Obama’s second strategic guidepost is his claim that the only Islamic group that is a bona fide terrorist organization is the faction of al Qaida directly subordinate to Osama bin Laden’s successor Ayman al-Zawahiri. Only this group cannot be appeased and must be destroyed through force.
The administration has dubbed the Zawahiri faction of al Qaida “core al Qaida.” And anyone who operates in the name of al Qaida, or any other group, that does not have courtroom certified operational links to Zawahiri, is not really al Qaida, and therefore, not really a terrorist group or a US enemy.
These foundations have led the US to negotiate with the Taliban in Afghanistan. They are the rationale for the US’s embrace of the Muslim Brotherhood worldwide. They are the basis for Obama’s allegiance to Turkey’s Islamist government, and his early support for the Muslim Brotherhood dominated Syrian opposition.
They are the basis for the administration’s kneejerk support for the PLO against Israel.
Obama’s insistent bid to appease Iran, and so enable the mullocracy to complete its nuclear weapons program is similarly a product of his strategic assumptions. So too, the US’s current diplomatic engagement of Hezbollah in Lebanon owes to the administration’s conviction that any terror group not directly connected to Zawahiri is a potential US ally.
From the outset of the 2011 revolt against the regime of Muammar Qaddafi in Libya, it was clear that a significant part of the opposition was comprised of jihadists aligned if not affiliated with al Qaida. Benghazi was specifically identified by documents seized by US forces in Iraq as a hotbed of al Qaida recruitment.
Obama and his advisors dismissed and ignored the evidence.

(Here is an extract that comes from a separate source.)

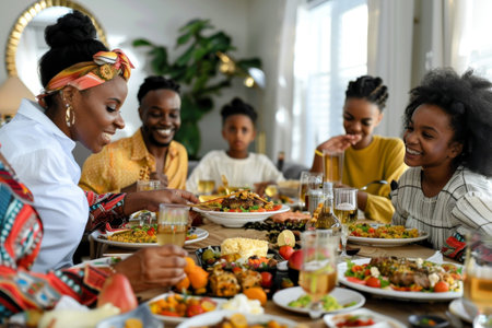 African family in national costumes sitting at dining table and talking to each other, they celebrating Kwanzaa holiday

The core of al Qaida, they claimed was not involved in the anti-Qaddafi revolt. And to the extent jihadists were fighting Qaddafi, they were doing so as allies of the US.
In other words, the two core foundations of Obama’s understanding of terrorism and of the Muslim world were central to US support for the overthrow of Muammar Qaddafi.
With Kirkpatrick’s report, the Times exposed the utter falsity of both.
Kirkpatrick showed the mindset of the US-supported rebels and through it, the ridiculousness of the administration’s belief that you can’t be a terrorist if you aren’t directly subordinate to Zawahiri.
One US-supported Islamist militia commander recalled to him that at the outset of the anti-Qaddafi rebellion, “Teenagers came running around…[asking] ‘Sheikh, sheikh, did you know al Qaida? Did you know Osama bin Laden? How do we fight?”
In the days and weeks following the September 11, 2012 attack on the US installations in Benghazi in which US Ambassador to Libya Christopher Stevens and four other Americans were killed, the administration claimed that the attacks were not carried out by terrorists. Rather they were the unfortunate consequence of a spontaneous protest of otherwise innocent Libyans.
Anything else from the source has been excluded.